For the records below, copy exactly the span that begins at the line containing "Kadin Tas Detayli Tisört 990" and stops after the line containing "Six Framed Works Depicting Bamboos", minus any pictures.
[EXERCISE DATA Boundary: Start]
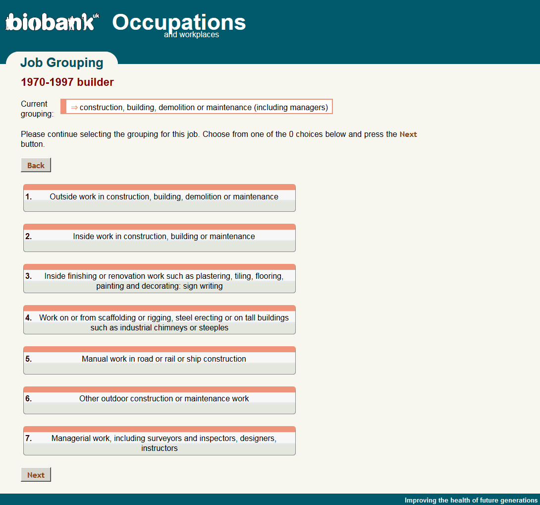Web screenshot from Occupational questionnaire showing intermediate screen used by participants to self-code a job.
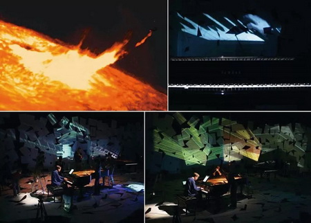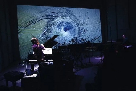 这张图是另外一件作品,《影响之区》(Zones of Influence),我弹钢琴并拉小提琴。在这首作品中,一起创作的还有一位打击乐手。我们制造出的音乐会传送到一台计算机里。这台计算机的程序会接收音乐,并且改变音乐的质地。同时,现场有视觉艺术家,他的计算机同样接收现场的演奏,然后艺术家根据所接收到的音乐,直接制作投影在舞台上的影像。
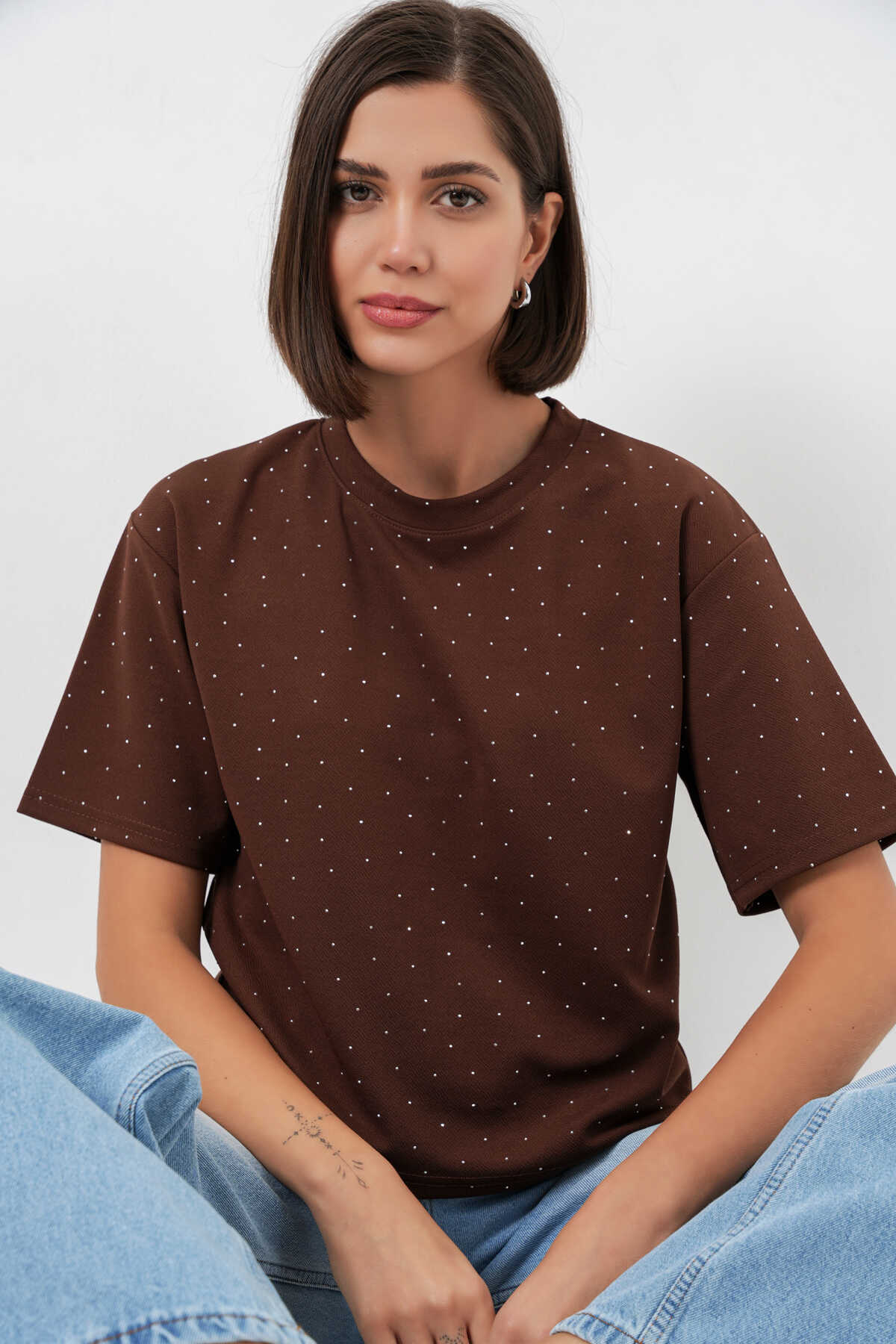 Kadin Tas Detayli Tisört 990
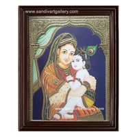 North Indian Style Yasodha Krishna Tanjore Painting - Classic Frame / 12x10
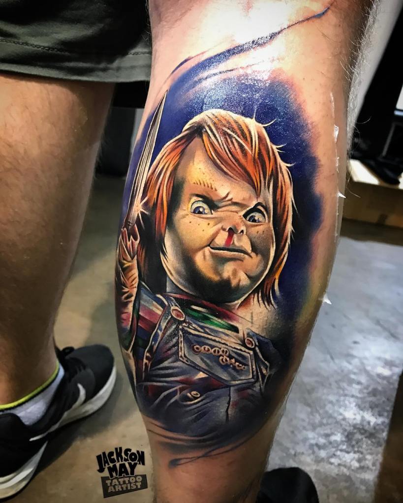 Stylised colour realism Chucky tattoo by @jacksonmay_tattooist
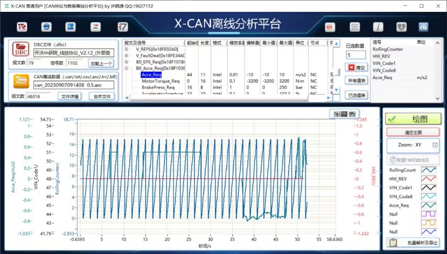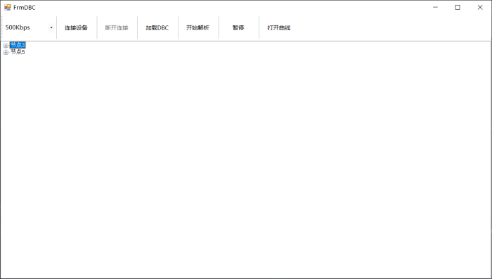 2.DBC Analysis功能采用C#编写,选择不同波特率和节点,连接设备并加载DBC,可获得输出曲线。
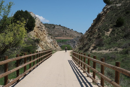 Der Ort Ciria liegt links des südlichen Tunnelausgangs am Hang des Río Manubles und hat nur noch etwa 20 Einwohner. Noch 1,7 km folgt man dem Radweg am rechten Hang des Flusses.
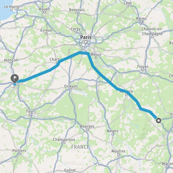 | Distance en voiture | 375 km à 439 km |
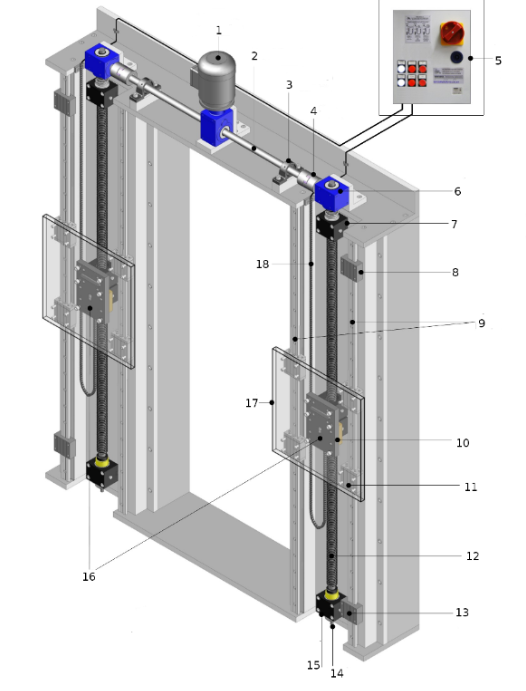 1: Motoriduttore a vite senza fine 2: Albero centrale 3: Supporto UCP 4: Giunto 5: Quadro QSU di segnalazione usura chiocciole portanti 6: Rinvio angolare o riduttore 7: Supporto fisso DVA con cuscinetti a rulli conici 8: Supporto regolabile per i finecorsa 9: Rotaie 10: Base distanziale con supporti mobili LVW con segnalatore elettrico di usura della chiocciola portante. 11: Pattini a sfere 12: Vite trapezia 13: Supporto regolabile per i finecorsa 14: Predisposizione per montaggio encoder 15: Supporto fisso DVB con molle di tensionamento 16: N.2 Gruppi Compact Safety art.C/DVAB+LVW...(R)(L) 17: Carrello mobile 18: Catena portacavi |
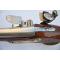 Pistolet à silex modèle 1763-66 premier type de Maubeuge construit en 1769, platine a corps carré et chien plat avec le marquage en cursive de la Manufacture de MAUBEUGE et le poinçon CS du contrôleur Cousin en poste de 1754 à 1785. canon poli blanc avec sur la queue de culasse M 1763, sur le pan gauche 69 pour 1769 et le poinçon CS sous couronne. bouche bien épaisse. Pas de ressort de baguette. Poinçon F sous couronne sur le pan droit (Geoffroy de Fleury ?). monture en noyer blond avec marquage côté contre platine au centre une fleur de lys sous couronne, de chaque coté CS pour cousin, poinçon F du contrôleur Geoffroy de Fleury, et en dessous 69. à l’exception de l’embouchoir Les garnitures sont poinçonnées F (à l'intérieur pour la contre platine).
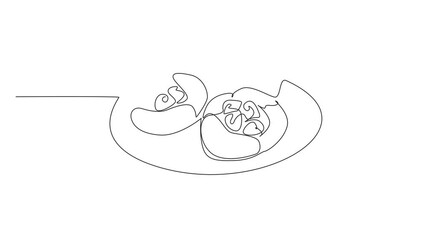 Animated self drawing of continuous one line drawing 3 raspberry popovers on a small plate. High fiber snack for kids. For the weekend. National Raspberry Popover Day. Full length animation
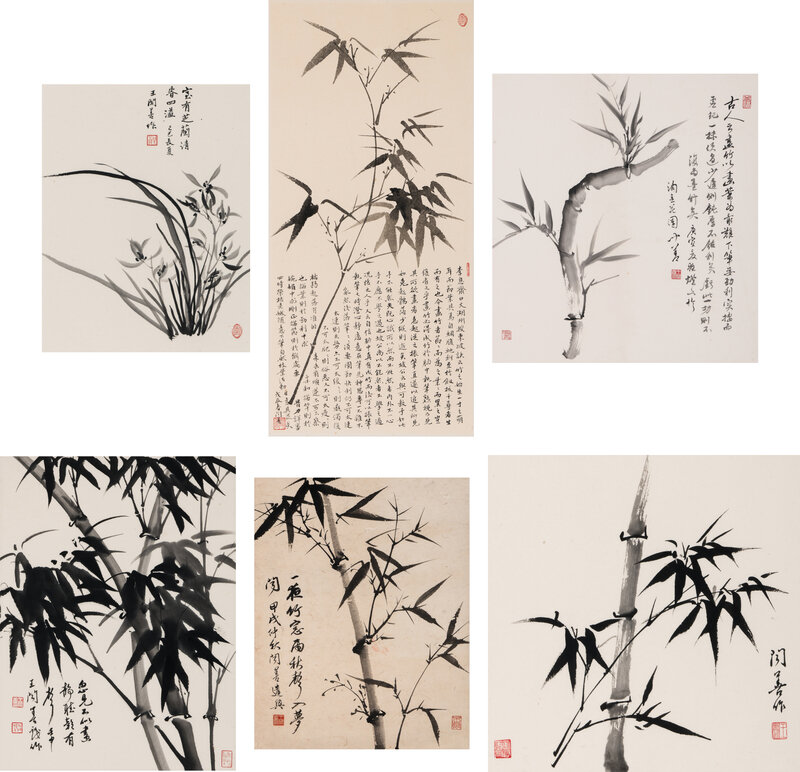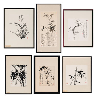Six Framed Works Depicting Bamboos
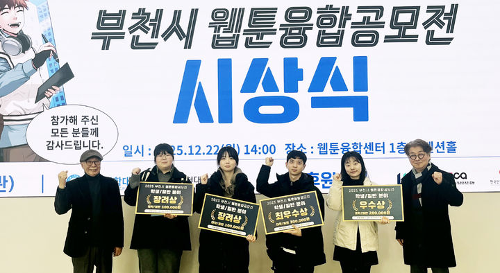 [부천=뉴시스] 강종민 기자 = 22일 경기 부천시 웹툰융합센터에서 열린 서울신학대·부천대 주최 '부천시 웹툰융합공모전' 시상식에서 최우수상을 수항한 부천대 서지원 학생 등 입상자들이 기념촬영을 하고 있다. (사진=부천대 제공) 2025.12.22. photo@newsis.com *재판매 및 DB 금지
[EXERCISE DATA Boundary: End]
EXERCISE ANSWER =>
 Kadin Tas Detayli Tisört 990
 North Indian Style Yasodha Krishna Tanjore Painting - Classic Frame / 12x10
 Stylised colour realism Chucky tattoo by @jacksonmay_tattooist
 2.DBC Analysis功能采用C#编写,选择不同波特率和节点,连接设备并加载DBC,可获得输出曲线。
 Der Ort Ciria liegt links des südlichen Tunnelausgangs am Hang des Río Manubles und hat nur noch etwa 20 Einwohner. Noch 1,7 km folgt man dem Radweg am rechten Hang des Flusses.
 | Distance en voiture | 375 km à 439 km |
 1: Motoriduttore a vite senza fine 2: Albero centrale 3: Supporto UCP 4: Giunto 5: Quadro QSU di segnalazione usura chiocciole portanti 6: Rinvio angolare o riduttore 7: Supporto fisso DVA con cuscinetti a rulli conici 8: Supporto regolabile per i finecorsa 9: Rotaie 10: Base distanziale con supporti mobili LVW con segnalatore elettrico di usura della chiocciola portante. 11: Pattini a sfere 12: Vite trapezia 13: Supporto regolabile per i finecorsa 14: Predisposizione per montaggio encoder 15: Supporto fisso DVB con molle di tensionamento 16: N.2 Gruppi Compact Safety art.C/DVAB+LVW...(R)(L) 17: Carrello mobile 18: Catena portacavi |
 Pistolet à silex modèle 1763-66 premier type de Maubeuge construit en 1769, platine a corps carré et chien plat avec le marquage en cursive de la Manufacture de MAUBEUGE et le poinçon CS du contrôleur Cousin en poste de 1754 à 1785. canon poli blanc avec sur la queue de culasse M 1763, sur le pan gauche 69 pour 1769 et le poinçon CS sous couronne. bouche bien épaisse. Pas de ressort de baguette. Poinçon F sous couronne sur le pan droit (Geoffroy de Fleury ?). monture en noyer blond avec marquage côté contre platine au centre une fleur de lys sous couronne, de chaque coté CS pour cousin, poinçon F du contrôleur Geoffroy de Fleury, et en dessous 69. à l’exception de l’embouchoir Les garnitures sont poinçonnées F (à l'intérieur pour la contre platine).
 Animated self drawing of continuous one line drawing 3 raspberry popovers on a small plate. High fiber snack for kids. For the weekend. National Raspberry Popover Day. Full length animation
Six Framed Works Depicting Bamboos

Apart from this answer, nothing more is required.